Source material:
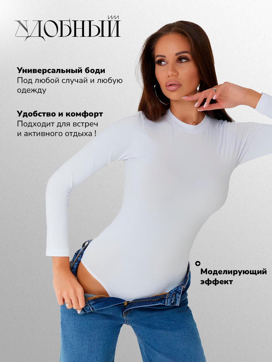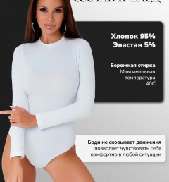 Элегантное боди с длинным рукавом белого цвета на 95% состоящее из хлопка – это невероятно красивое утонченное изделие, которое будет приятно прилегать к телу и окутывать Вас комфортом. Удобное крепление в виде 3 крючков сконструировано таким образом, чтобы Вы не чувствовали его во время носки и могли насладиться свободой движения.
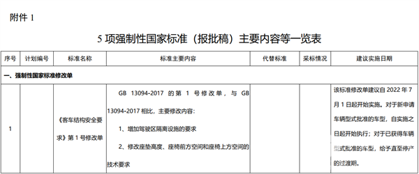 据完美作业网有免费视频获悉,根据国家标准委下达的强制性国家标准制修订计划,工业和信息化部已组织完成《客车结构安全要求》等5项强制性国家标准(含2项修改单)的制修订工作(见附件1)。在标准批准发布之前,为进一步听取社会各界意见,现对标准报批稿及编制说明(见附件2)予以公示,截止日期2021年12月25日。
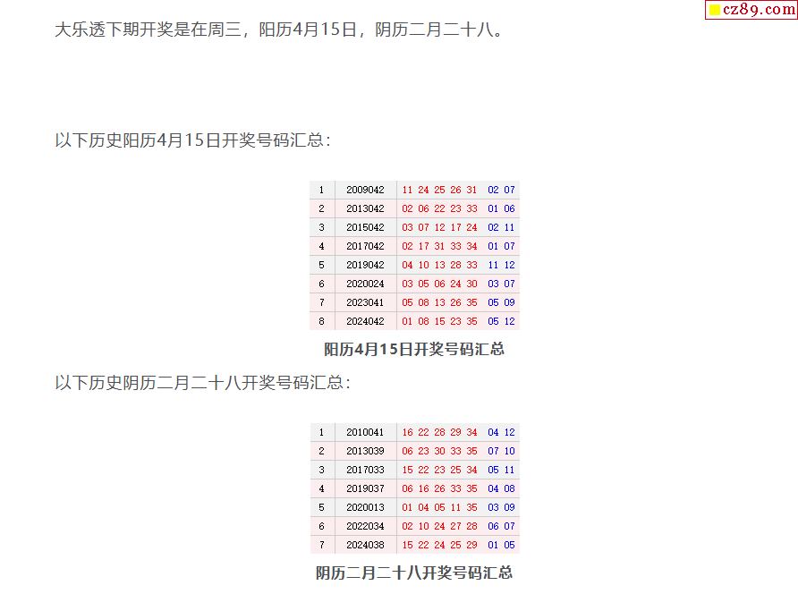 历史上的今天大乐透4月15日开奖号码汇总
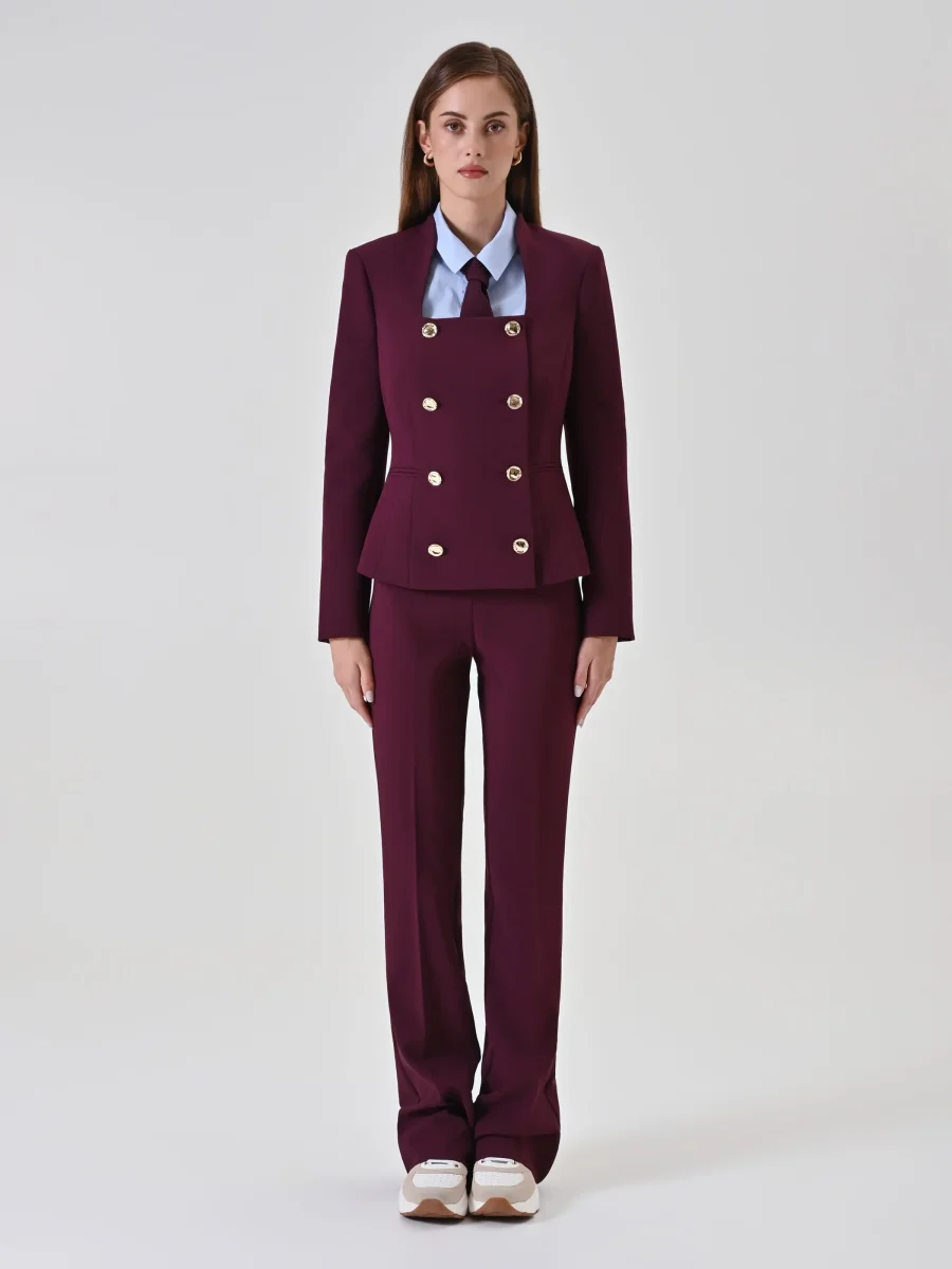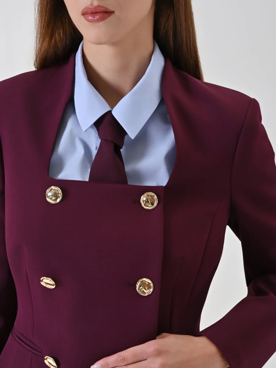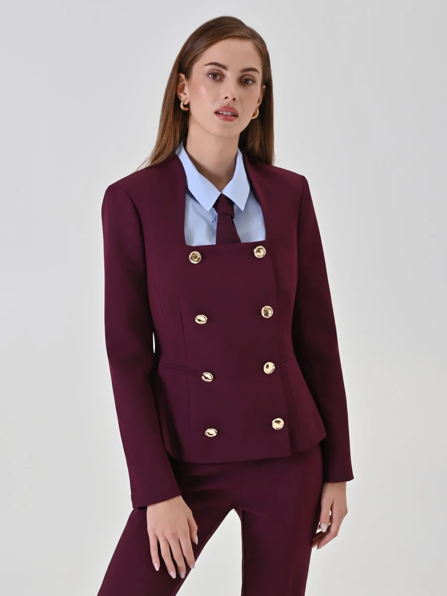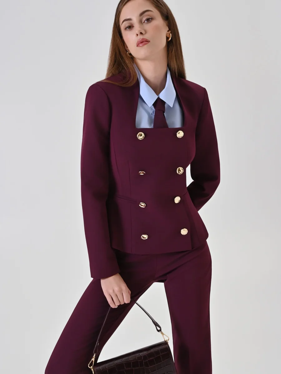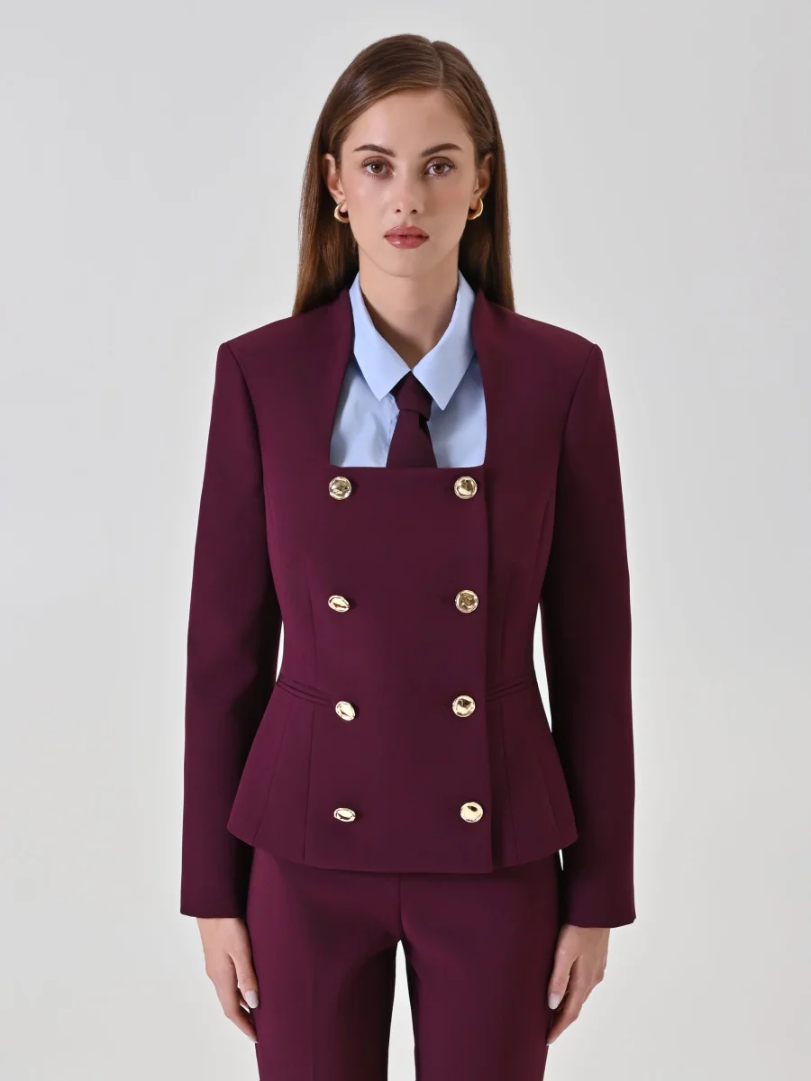 Giacca doppiopetto bordeaux con scollo quadrato

What you should do: Using the data above, write out every line exactly, leaving the images behind.

Your solution:
 Элегантное боди с длинным рукавом белого цвета на 95% состоящее из хлопка – это невероятно красивое утонченное изделие, которое будет приятно прилегать к телу и окутывать Вас комфортом. Удобное крепление в виде 3 крючков сконструировано таким образом, чтобы Вы не чувствовали его во время носки и могли насладиться свободой движения.
 据完美作业网有免费视频获悉,根据国家标准委下达的强制性国家标准制修订计划,工业和信息化部已组织完成《客车结构安全要求》等5项强制性国家标准(含2项修改单)的制修订工作(见附件1)。在标准批准发布之前,为进一步听取社会各界意见,现对标准报批稿及编制说明(见附件2)予以公示,截止日期2021年12月25日。
 历史上的今天大乐透4月15日开奖号码汇总
 Giacca doppiopetto bordeaux con scollo quadrato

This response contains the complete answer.